I am using QGIS 2.18.11 and I have a shape layer with lines and polylines I need to review; but not all of them, only certain ones. The ones I need to review are marked in a specific field (rev = 0 or rev = 1) in an Excel file (.xlxs). Both data files share the same ID, so I could connect them.

How I would normally do this is performing a join in my shapefile with the Excel file using the ID; then I would add a new field in the shapefile and update it with the “rev” field data; I would then close the excel file so I can keep on working on it in parallel; finally I would filter my shapefile with “rev”=1, and there I have the lines and polylines I need to review.

Is there a faster way? Also a way that does not make me edit the shapefile (by creating that “rev” field)?

3 Answers

If you can connect the shapefile with Excel file using join by attribute, then you can simply save the joined file as a new shapefile and the link will exist permanently.

In this case, Rev field which exist in Excel file will be written / transferred to shapefile and you can filter the new shapefile by Rev field.

Answered by ahmadhanb on April 3, 2021

You can temporary join table to your shapefile via Joins tab in layer properties.

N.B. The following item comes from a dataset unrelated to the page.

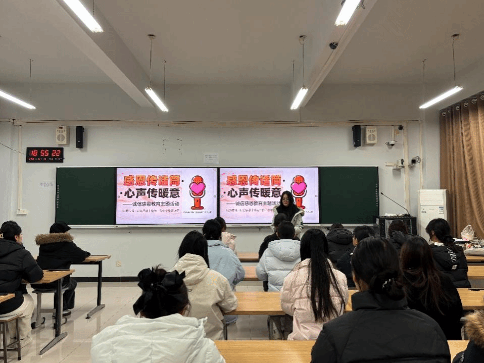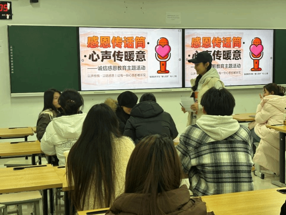 为了使感恩理念真正走进学生心里,让学生在解读、传递感恩相关内容时,主动思考感恩的内涵,唤醒对父母、师长、同学及身边人的感恩之情。我院于12月10日在1A609教室举办了“感恩传话筒 心声传暖意”主题活动。

  1. save your table as .csv
  2. load the CSV using Add Delimited Text Layer...
  3. go to Joins tab in shapefile layer properites, and hit the + button
  4. make a join by setting your id

enter image description here

Done, the CSV values append to your shapefile remaining in CSV (not writing to shapefile). You can also edit the CSV values in external spreadsheet editor (Calc, Excel, etc.). When you remove the CSV from your QGIS project, the connection (attributes from shapefile) is also removed.

Answered by Oto Kaláb on April 3, 2021

The only faster way of doing this beyond the other answers is to automate it using python/pyqgis (creating the join, iterating through the join layer and looking for successfully joined features, and commuting the attribute edit). Here's a tutorial on the joining part.

https://www.qgistutorials.com/en/docs/performing_table_joins_pyqgis.html

The other parts you should be able to find more code examples by using various keyword searches like "pyqgis commit edit" or "pyqgis get layer features".